A plethora of opportunities in Blockchain
The current market trends open a plethora of opportunities in blockchain. Some of the trends are as follows –
- 90% of European Payments Council members believe that blockchain technology will fundamentally change the industry by 2025.
- Moving securities on blockchains could save $17B to $24B per year in global trade processing costs.
- Blockchain technology for KYC purposes can bring down costs for the banking sector by up to $160M annually.
- A survey among 8 global banks found that blockchain technology could bring down the average cost of clearing and settling SWIFT transactions by $10B annually.
- With approximately 80-90% of world trade relying on trade finance, the influence of blockchain on the market would be felt globally throughout all industries that use cross-border trading.
- Blockchain technology can reduce risk by facilitating information-sharing and cut costs by automating processes, ultimately saving reinsurers up to $10B per annum.

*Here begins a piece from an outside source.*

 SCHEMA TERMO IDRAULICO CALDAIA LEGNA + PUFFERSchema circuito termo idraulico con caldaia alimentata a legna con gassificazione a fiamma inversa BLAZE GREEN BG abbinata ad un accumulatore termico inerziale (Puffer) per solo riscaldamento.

Source: cbinsights.com publication
The driving factors for these numerous opportunities are the inherent benefits that the Blockchain technology promises to bring.

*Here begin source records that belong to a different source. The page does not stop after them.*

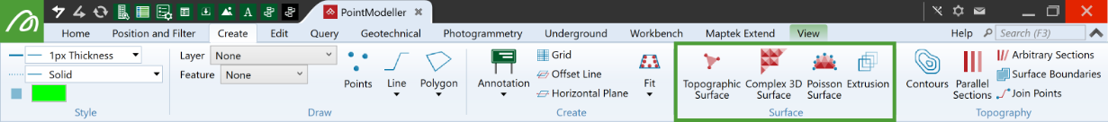 Topographic Surface (Alt+2) Create a surface from a plan view perspective. |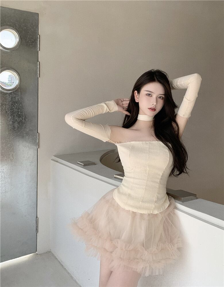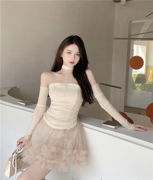 色:ベージュトップス(袖は取り外し可能),アプリコットスカート
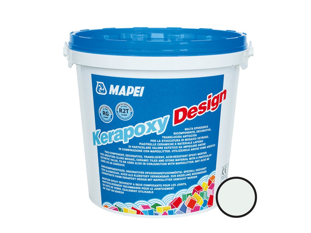 Kerapoxy Design od Mapei je dvousložková epoxidová velmi kvalitní kyselinovzdorná spárovací hmota a lepidlo se sníženým vertikálním skluzem na mozaiky, obklady a dlažby z keramiky, skla a přírodního kamene .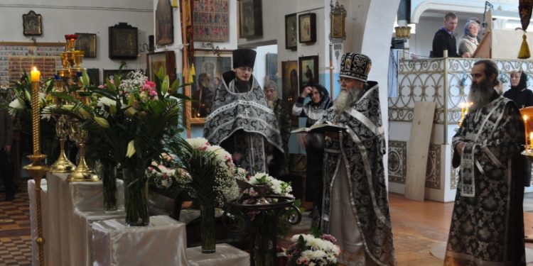 Затем совершили малое повечерие с чтением канона «О распятии Господа и на плач Пресвятой Богородицы».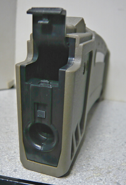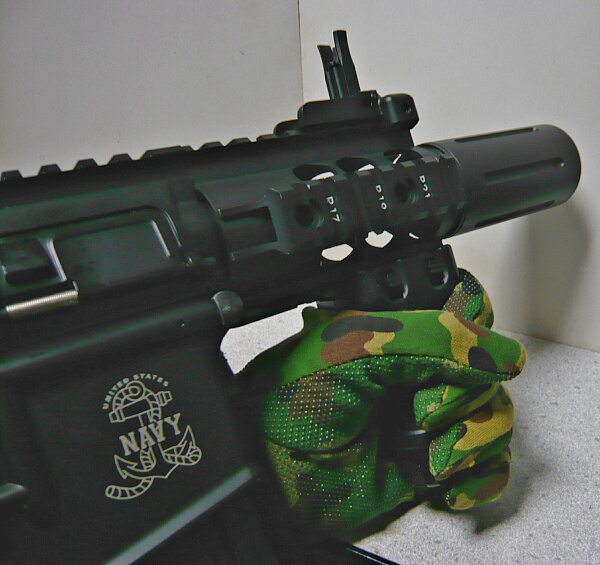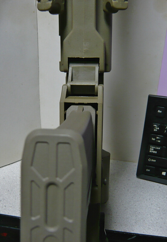 握り心地、というよりは添え心地と申しましょうか。フィンガーチャネルがあるので人差し指を前側に添えていますが、この人差し指と親指の居心地がやや悪く、人差し指をグリップ部に添えると小指が下にはみ出てしまいます。またここへ手を沿えるとストックのバットプレートを肩へ押し付ける力が加わり、それによって銃を安定させる働きももつので、ストックが無い銃だと右手の疲れが増える傾向にあります。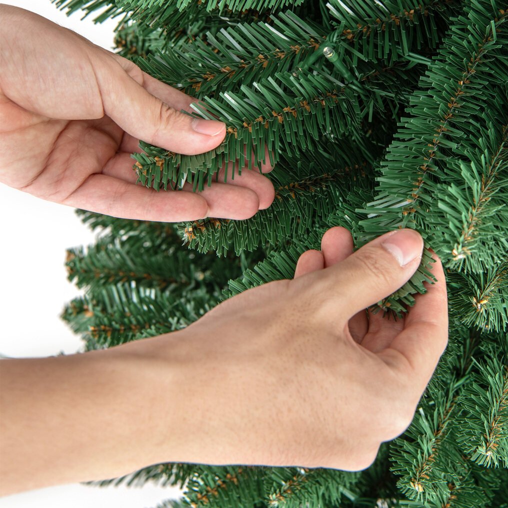 ● Realistic Design: Celebrate the holidays with the 5 ft/6 ft/7 ft/8 ft Christmas tree featuring 295/392/523/671 life-like branch tips. Made of premium PVC, this gorgeous tree is not only fireproof but also non-allergic and free of any unpleasant smells.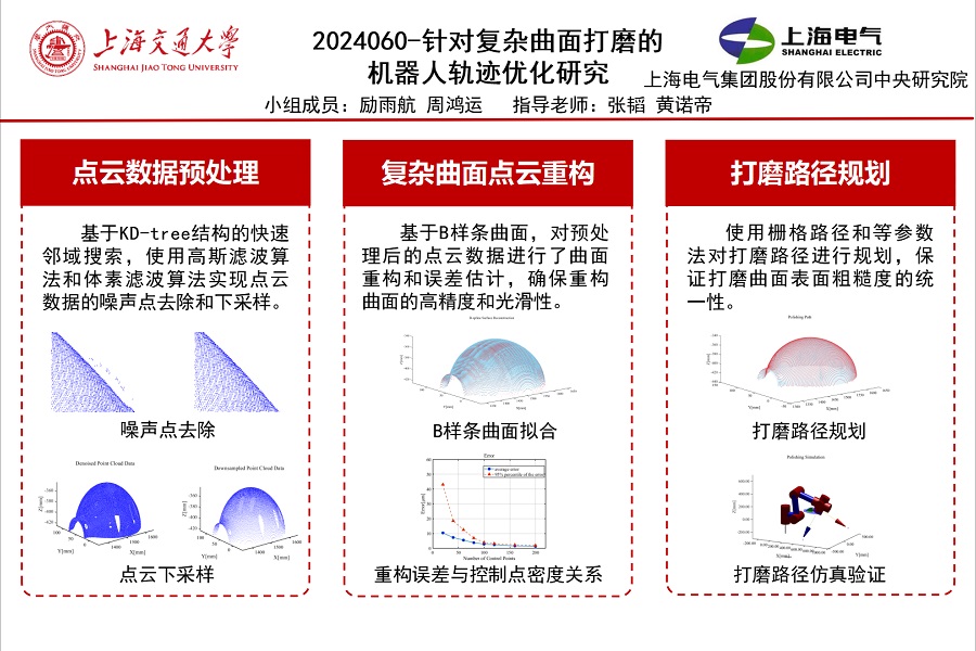 復(fù)雜曲面零部件被廣泛應(yīng)用在汽車、航空航天、船舶等諸多領(lǐng)域中,這類零件通常對表面質(zhì)量要求較高,表面存在的毛刺、焊縫殘高、粗糙度不達(dá)標(biāo)等問題,極易影響零件的空氣動力學(xué)性能和服役表現(xiàn),通常需要高精度打磨來保證其表面質(zhì)量。然而其中存在機(jī)器人自身精度不足、點(diǎn)云數(shù)據(jù)處理復(fù)雜、打磨軌跡生成困難等一系列難題。對此,本項目基于六軸工業(yè)機(jī)器人及點(diǎn)云數(shù)據(jù),開展機(jī)器人誤差識別、復(fù)雜曲面打磨軌跡優(yōu)化等研究,實現(xiàn)在無模型場景下對復(fù)雜曲面的高精度打磨路徑規(guī)劃。
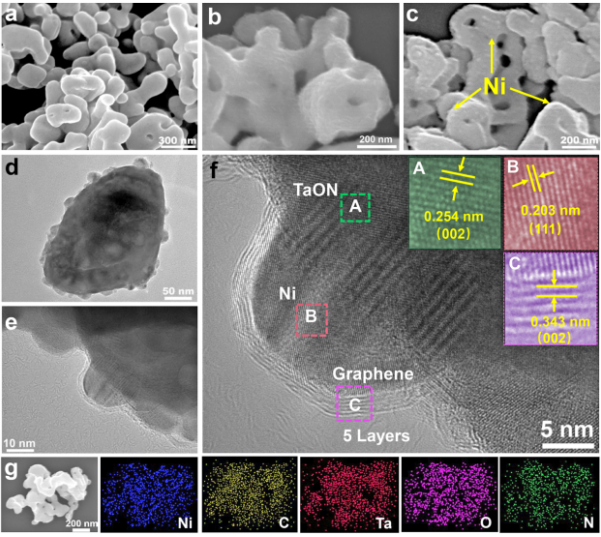 Figure 2.(a)原始TaON,(b)TaON@Ni(OH)2-2和(c)TaON@Ni@ G-2雜化物的SEM圖像。(d,e)TaON@Ni@G-2雜化物的TEM和(f)HRTEM圖像。(g)TaON@Ni@G-2雜化體的SEM圖像和相應(yīng)的EDX元素映射圖像。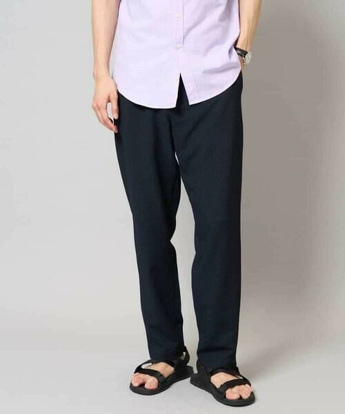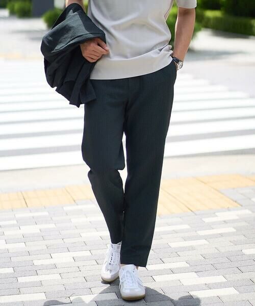 ストレッチの効いた薄手のシアサッカー素材を使用した、きれいめリラックスで大人見えするテーパードパンツ。

How is it beneficial to customers?
The following are the benefits that blockchain technology brings to its customers:
Immutability – Any validated records are irreversible and cannot be changed. The ledger is designed to be appended only.

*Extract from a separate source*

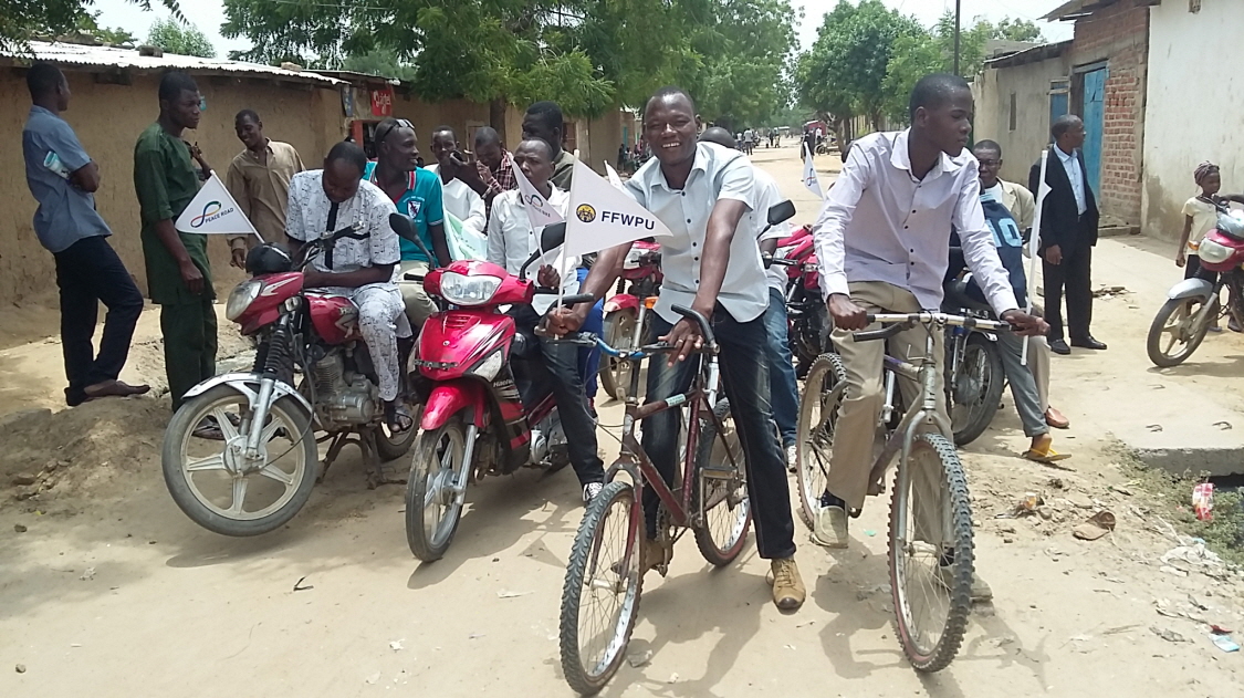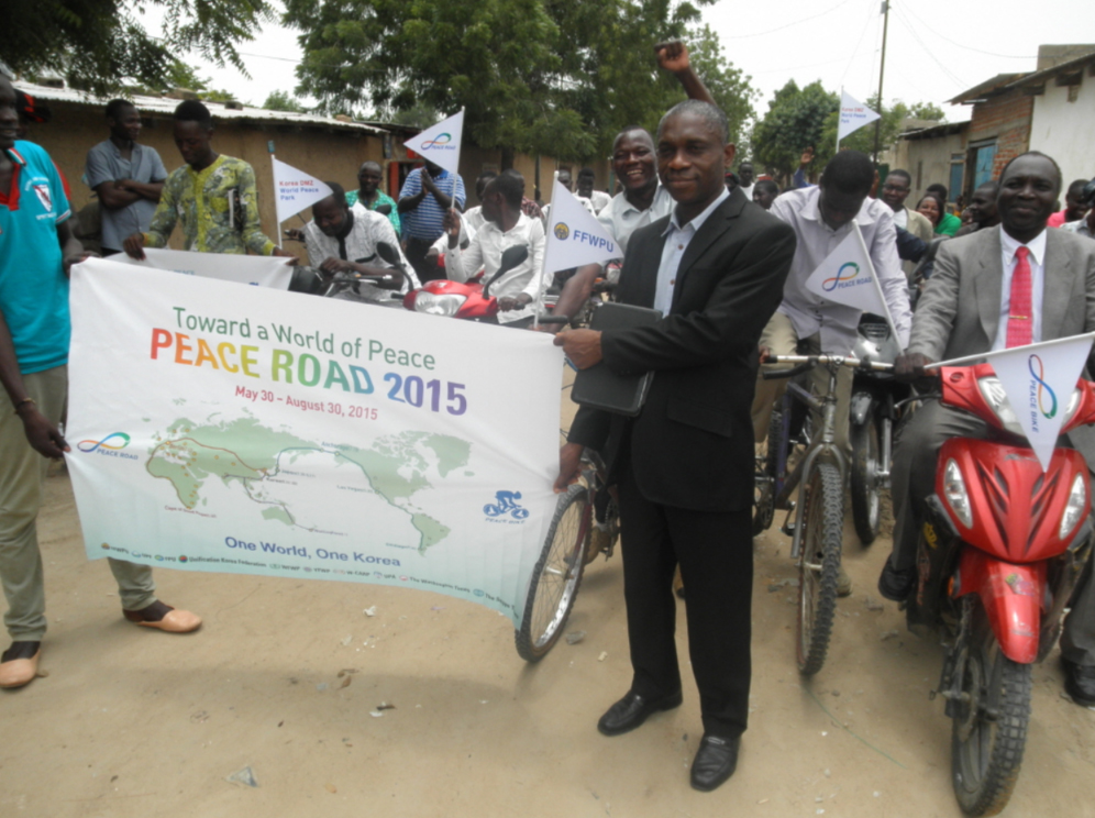 FFWPU Chad: We held a symbolic Peace Road event due to the political situation on August 23, 2015 in Ndjamena, capital city of Chad with 30 participants. We had bikes motorbikes ridding for nearly 1 Kilometers just in front of the national Church Headquarters.

Distributed – All network participants have a copy of the ledger for complete transparency. No party can add or remove data maliciously, as that would make his/her ledger inconsistent with others.
Time Stamped – A transaction time stamp is recorded on the block for each entry that is made. This feature makes it an audit-friendly technology.
Unanimous – All network participants agree on the validity or invalidity of the records on the ledger. Consensus protocols are programmed on the network to ensure agreement between the parties.
Anonymous – The identities of the parties are either anonymous or pseudonymous depending on whether it’s a public or a private blockchain network
Programmable – A blockchain employs smart contracts, which are pieces of code with if-then functions sitting on top of the network. These programs ensure that events can be automated without manual intervention.
While the blockchain technology does come with the above significant advantages to its customers, it is imperative to understand the components of Blockchain Assurance.
According to Rajesh Kandaswamy, Blockchain Analyst, Gartner, “New Blockchain testing approaches can be adopted and offered as service propositions as old traditional testing methods might not fit the requirement of an extensive blockchain network. Testing for Blockchain solutions, finding out vulnerabilities, taking quality audits, satisfying business objectives are essential to the success of Blockchain based applications.”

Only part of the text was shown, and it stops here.